When I throw a bunch of load at my system, I'm seeing deadlocks involving the Quartz TRIGGER_ACCESS lock in the database and the lock on a Saga instance that implements synchronized event handling. The actual execution flow in my application is more complicated than this, but here's what I think is happening. I'm using PostgreSQL and synchronous event and command delivery on a single node. All the interaction with Quartz is via an Axon EventScheduler instance.

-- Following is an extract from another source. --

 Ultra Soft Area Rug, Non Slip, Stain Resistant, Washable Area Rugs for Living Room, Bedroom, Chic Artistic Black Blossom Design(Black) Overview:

Thread A: Request handler starts a UnitOfWork
Thread A: Event is published
Thread A: Request handler commits its UnitOfWork
Thread A: Event is handled by Saga 1
Thread A: Saga 1 schedules an event; the Quartz TRIGGER_ACCESS lock is acquired
Thread A: Saga 1 sends a command which ends up causing another event to be published
Thread B: Some other event is handled by Saga 2 in a different UnitOfWork
Thread B: Saga 2 schedules an event; Quartz attempts to lock TRIGGER_ACCESS but blocks because it's held by thread A's transaction
Thread A: The event from the command handler needs to be handled by Saga 2; Axon tries to acquire Saga 2's lock but blocks because the lock is held by thread B
Then additional threads block on the two locks in question and the application grinds to a halt.

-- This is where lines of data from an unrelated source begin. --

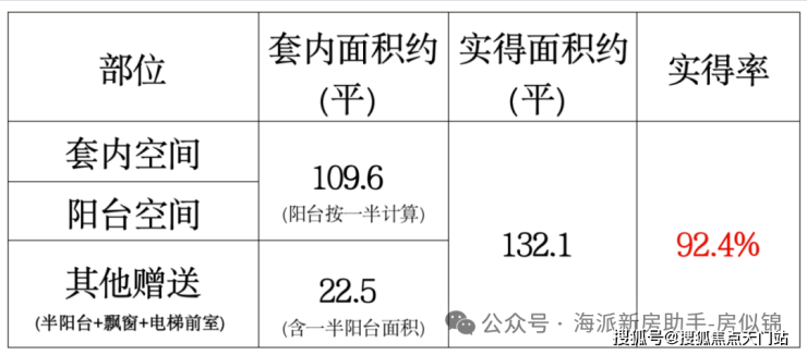 建面约143平四房阳台附赠更大、门口的私家电梯厅预测能有9-9.5个平方的附赠;如果都加在一起,实得率超92%,实际可利用面积超过132平!
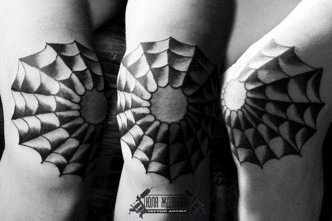Seit der Antike wurde ein Spinnennetz mit dem Universum und dem menschlichen Schicksal in Verbindung gebracht. Bei den amerikanischen Ureinwohnern galt ein Spinnennetz als Talisman gegen das Böse und Krankheiten, weshalb es über die Wiege eines Säuglings gehängt wurde. Für Männer steht dieses Symbol für die Treue zu ihren Lebensprinzipien und Überzeugungen und für die Fähigkeit, bis zum Ende für sie zu kämpfen. Aber ein Netz ohne seinen Schöpfer, die Spinne, gibt es nicht. In der Tätowierung mit einer Spinne stecken viele Bedeutungen. Sie können die eine, die Ihre innere Welt passt zu wählen: Macht, Harmonie, Wissen und Gleichgewicht, aber vielleicht die Spinne wird ein Symbol für Glück, Reichtum und Wohlstand sein, ist es möglich, dass dieses Symbol zeigt das Geheimnis und Geheimhaltung, aber zur gleichen Zeit, und an einem kreativen Geist und Kreativität seines Besitzers.
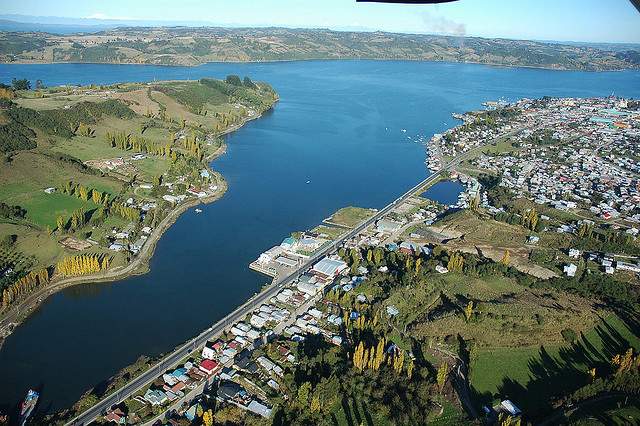 Chiloe is connected to the mainland by ramps that have been built in the channel to form a motorway. The easiest way to get there is to fly from Santiago to Puerto Montt and then take a bus. There are terminals in the main towns of Ancud (north island), Castro (east coast), and Quellon (end of the road on the southeastern coast), but you hop off in any of the villages en route.
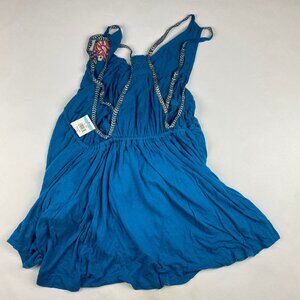 Free People Lovers Cove Mini Dress Size XS Teal Embroidered

When I was using asynchronous Saga event delivery this wasn't an issue, possibly because event handlers don't share transactions. Once the next Axon release comes out with the fix for connection management in async Sagas, I can switch back to asynchronous mode, but it'd be nice to figure out how to get the application to work properly in either mode.
Hopefully that analysis is correct. Like I mentioned, I simplified the execution flow here but I believe I captured the essence of it. As always, it's totally possible I'm just doing something dumb.